## WORK ITEM:
The expected output is the full data, repeated exactly, without pictures.

*** SUPPLIED INFORMATION ***

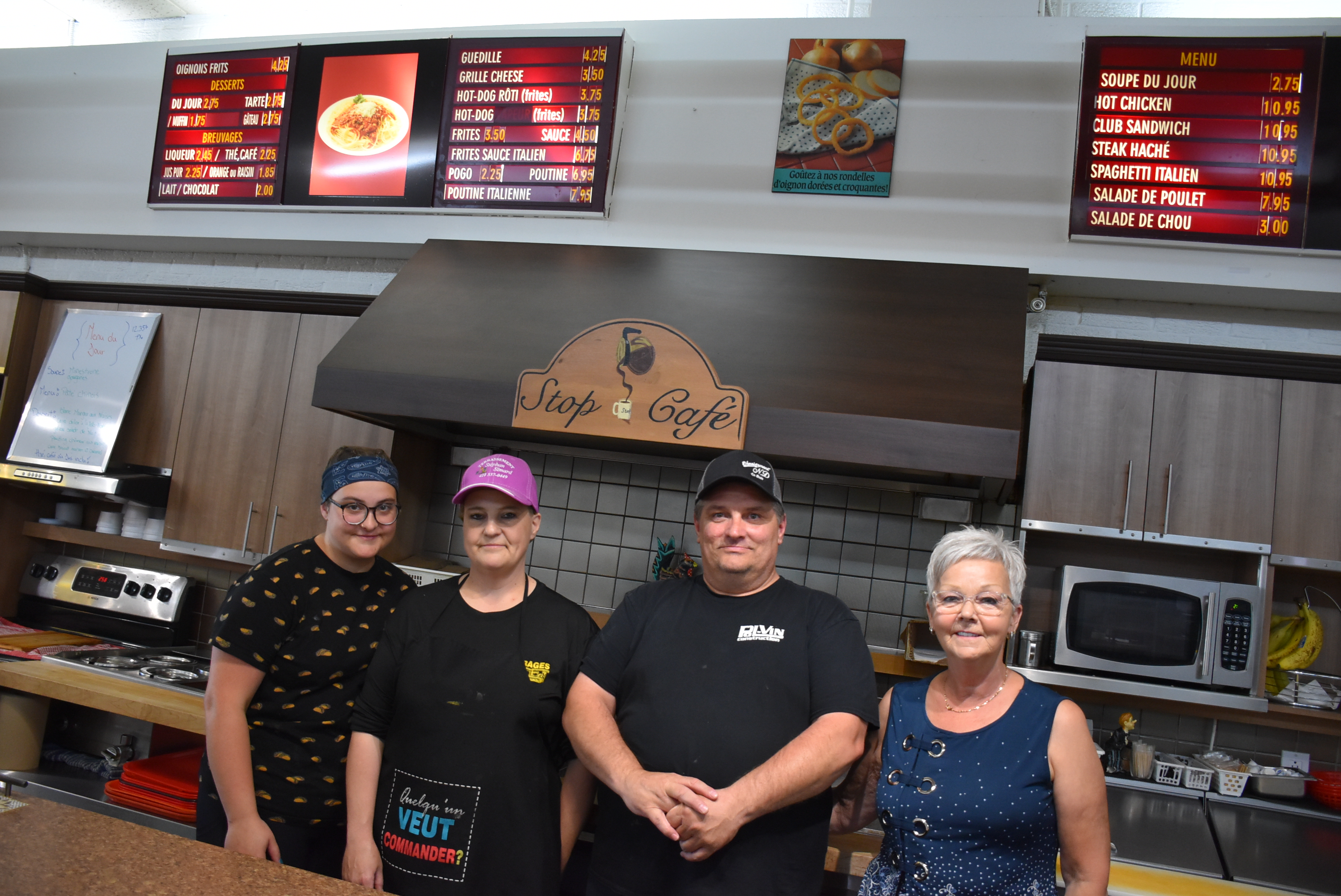 Un esprit de famille, voilà l’ambiance qui règne au Stop Café, véritable institution à La Baie. Propriétaires depuis février 2021, la famille Grenon-Dallaire ne manque pas une occasion de faire sourire la clientèle. Là-bas, tout le monde fait partie de la famille.
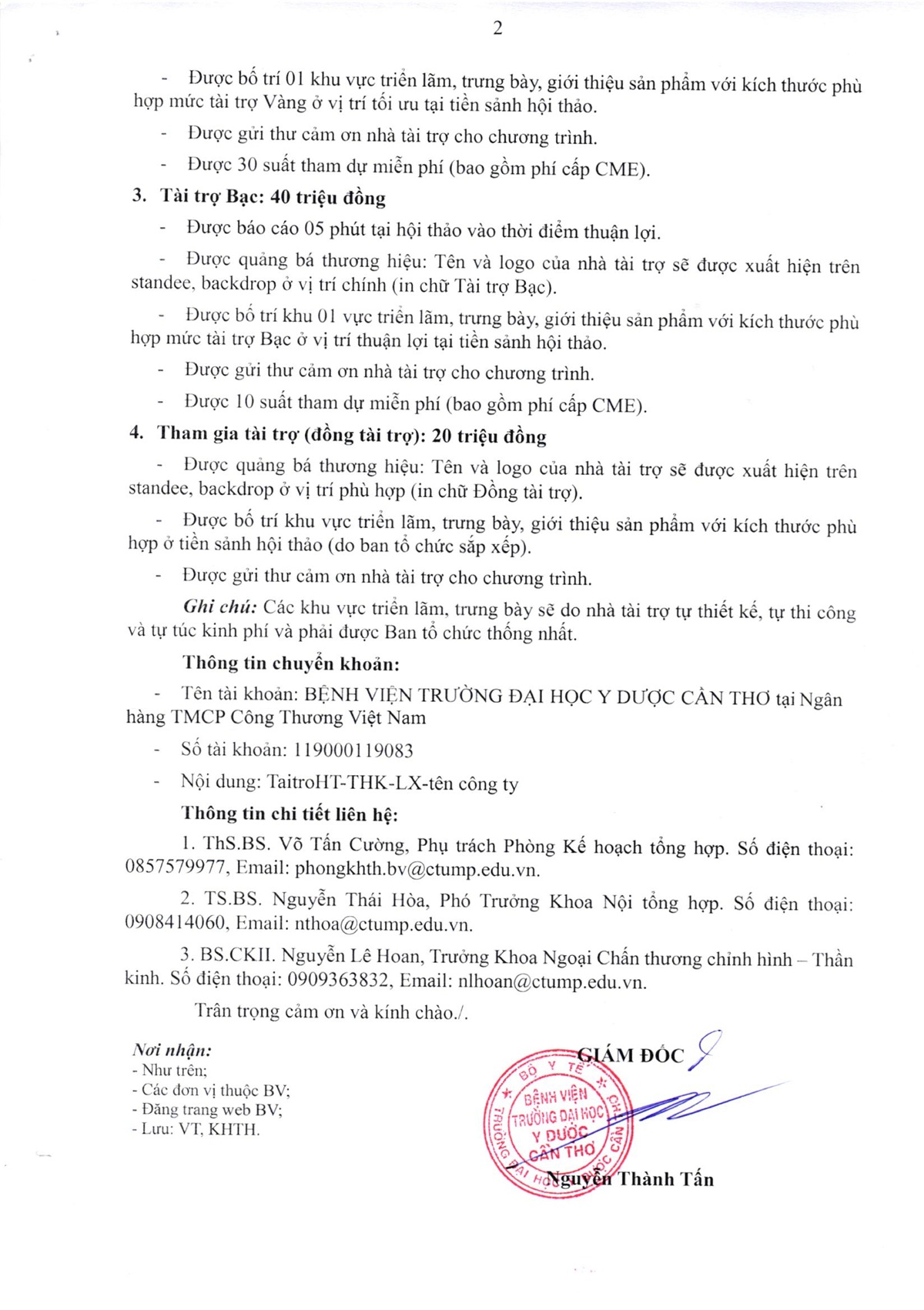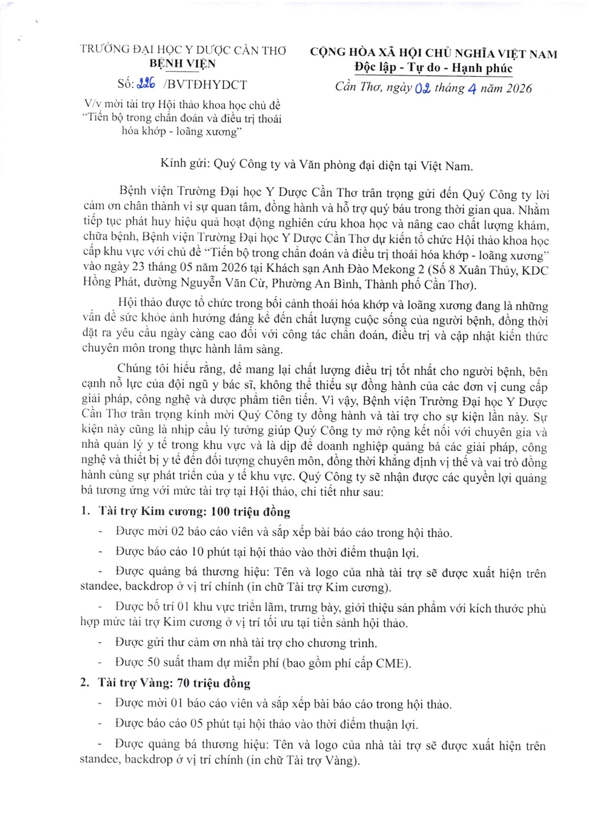 BỆNH VIỆN TRƯỜNG ĐẠI HỌC Y DƯỢC CẦN THƠ MỜI DOANH NGHIỆP ĐỒNG HÀNH CHUỖI HỘI NGHỊ – HỘI THẢO KHOA HỌC NĂM 2026.
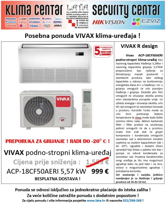 Vivax ACP-18CF50AERI podno-stropni klima-uređaj, besplatna dostava

*** End of SUPPLIED INFORMATION ***

## SOLVED PROBLEM:
 Un esprit de famille, voilà l’ambiance qui règne au Stop Café, véritable institution à La Baie. Propriétaires depuis février 2021, la famille Grenon-Dallaire ne manque pas une occasion de faire sourire la clientèle. Là-bas, tout le monde fait partie de la famille.
 BỆNH VIỆN TRƯỜNG ĐẠI HỌC Y DƯỢC CẦN THƠ MỜI DOANH NGHIỆP ĐỒNG HÀNH CHUỖI HỘI NGHỊ – HỘI THẢO KHOA HỌC NĂM 2026.
 Vivax ACP-18CF50AERI podno-stropni klima-uređaj, besplatna dostava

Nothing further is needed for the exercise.